Your answer must be the exact lines of the listing below that run from the line with "冠病疫情迫使数码化加速,加密" to the line with "Piščančji file v smetanovi omaki s slanino", ends included, and no pictures.

── Given data ──

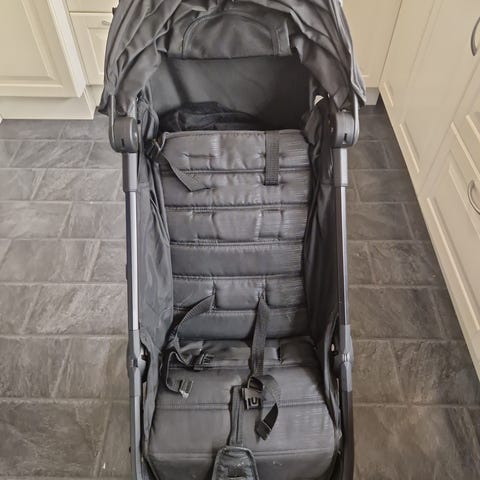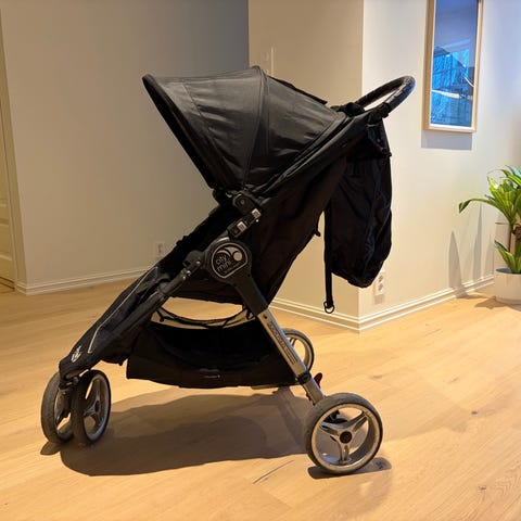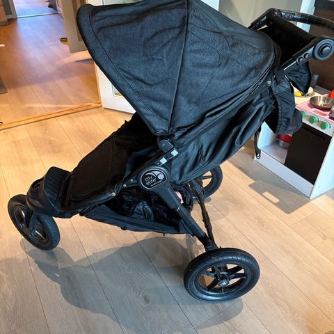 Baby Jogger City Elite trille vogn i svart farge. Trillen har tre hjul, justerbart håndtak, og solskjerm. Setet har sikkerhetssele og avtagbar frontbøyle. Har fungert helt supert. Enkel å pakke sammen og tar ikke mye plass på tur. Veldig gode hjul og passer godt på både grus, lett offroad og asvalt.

───
── Given data ──

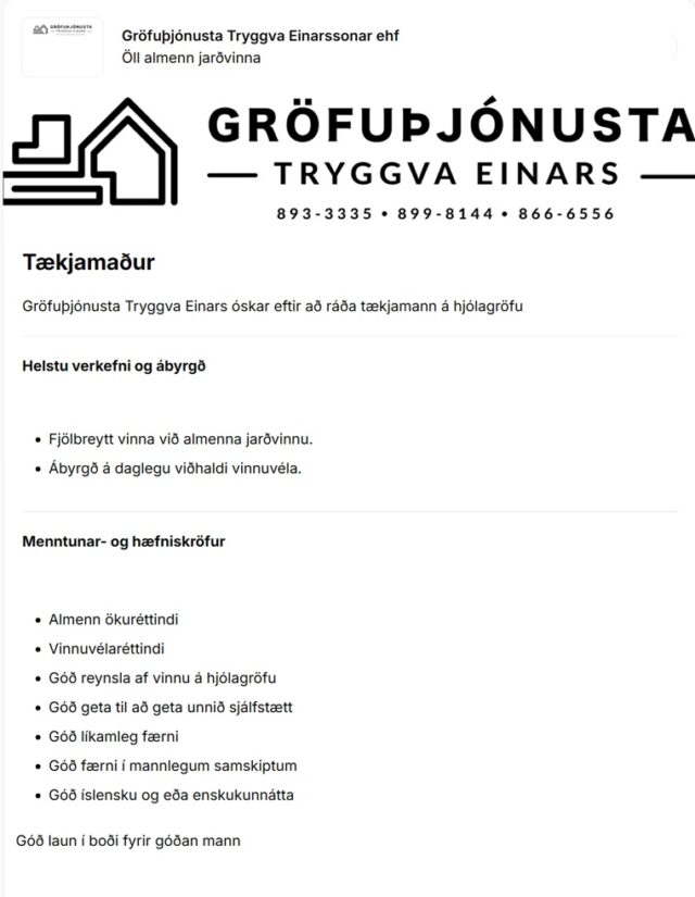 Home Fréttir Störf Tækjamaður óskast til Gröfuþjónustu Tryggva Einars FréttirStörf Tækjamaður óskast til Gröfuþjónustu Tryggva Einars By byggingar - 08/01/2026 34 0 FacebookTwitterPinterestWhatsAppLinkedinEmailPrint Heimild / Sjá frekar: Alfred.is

───
── Given data ──

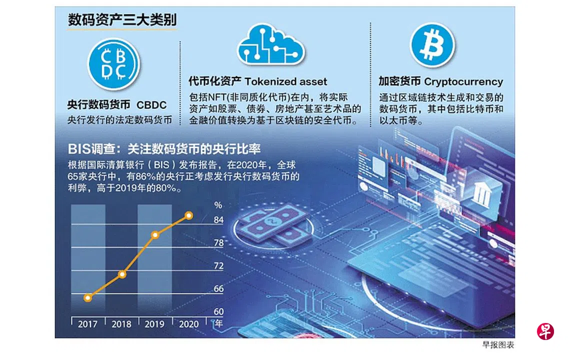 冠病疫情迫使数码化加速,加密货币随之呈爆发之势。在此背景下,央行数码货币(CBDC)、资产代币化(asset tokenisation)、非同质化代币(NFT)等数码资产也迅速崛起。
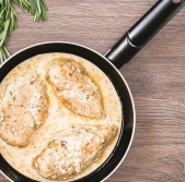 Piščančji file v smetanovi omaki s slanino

───

### Reply to the task
 冠病疫情迫使数码化加速,加密货币随之呈爆发之势。在此背景下,央行数码货币(CBDC)、资产代币化(asset tokenisation)、非同质化代币(NFT)等数码资产也迅速崛起。
 Piščančji file v smetanovi omaki s slanino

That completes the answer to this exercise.